Re: block-level incremental backup

From: Konstantin Knizhnik <k(dot)knizhnik(at)postgrespro(dot)ru>
To: Robert Haas <robertmhaas(at)gmail(dot)com>
Cc: PostgreSQL Hackers <pgsql-hackers(at)lists(dot)postgresql(dot)org>
Subject: Re: block-level incremental backup
Date: 2019-04-10 19:57:38
Views: Raw Message | Whole Thread | Download mbox | Resend email
Lists: pgsql-hackers

On 10.04.2019 19:51, Robert Haas wrote:
> On Wed, Apr 10, 2019 at 10:22 AM Konstantin Knizhnik
> <k(dot)knizhnik(at)postgrespro(dot)ru> wrote:
>> Some times ago I have implemented alternative version of ptrack utility
>> (not one used in pg_probackup)
>> which detects updated block at file level. It is very simple and may be
>> it can be sometimes integrated in master.
> I don't think this is completely crash-safe. It looks like it
> arranges to msync() the ptrack file at appropriate times (although I
> haven't exhaustively verified the logic), but it uses MS_ASYNC, so
> it's possible that the ptrack file could get updated on disk either
> before or after the relation file itself. I think before is probably
> OK -- it just risks having some blocks look modified when they aren't
> really -- but after seems like it is very much not OK. And changing
> this to use MS_SYNC would probably be really expensive. Likely a
> better approach would be to hook into the new fsync queue machinery
> that Thomas Munro added to PostgreSQL 12.

I do not think that MS_SYNC or fsync queue is needed here.
If power failure or OS crash cause loose of some writes to ptrack map,
then in any case {ostgres will perform recovery and updating pages from
WAL cause once again marking them in ptrack map.
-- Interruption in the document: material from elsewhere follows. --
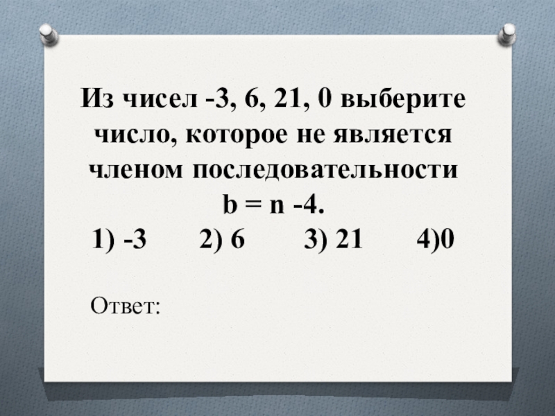 Слайд 8Из чисел -3, 6, 21, 0 выберите число, которое не является
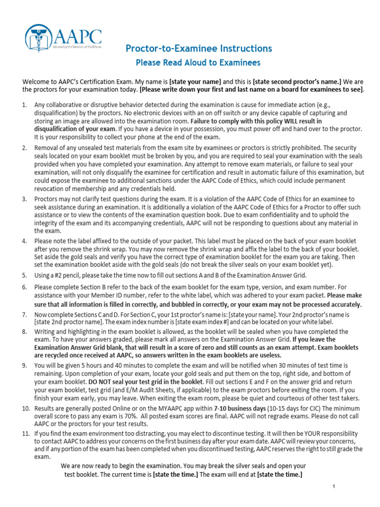 3. Proctors may not clarify test questions during the exam. It is a violation of the AAPC Code of Ethics for an examinee to

So as in case of CLOG
and many other Postgres files it is not critical to loose some writes
because them will be restored from WAL. And before truncating WAL,
Postgres performs checkpoint which flushes all changes to the disk,
including ptrack map updates.

> It looks like your system maps all the blocks in the system into a
> fixed-size map using hashing. If the number of modified blocks
> between the full backup and the incremental backup is large compared
> to the size of the ptrack map, you'll start to get a lot of
> false-positives. It will look as if much of the database needs to be
> backed up. For example, in your sample configuration, you have
> ptrack_map_size = 1000003. If you've got a 100GB database with 20%
> daily turnover, that's about 2.6 million blocks. If you set bump a
> random entry ~2.6 million times in a map with 1000003 entries, on the
> average ~92% of the entries end up getting bumped, so you will get
> very little benefit from incremental backup. This problem drops off
> pretty fast if you raise the size of the map, but it's pretty critical
> that your map is large enough for the database you've got, or you may
> as well not bother.
This is why ptrack block size should be larger than page size.
Assume that it is 1Mb. 1MB is considered to be optimal amount of disk
IO, when frequent seeks are not degrading read speed (it is most
critical for HDD). In other words reading 10 random pages (20%) from
this 1Mb block will takes almost the same amount of time (or even
longer) than reading all this 1Mb in one operation.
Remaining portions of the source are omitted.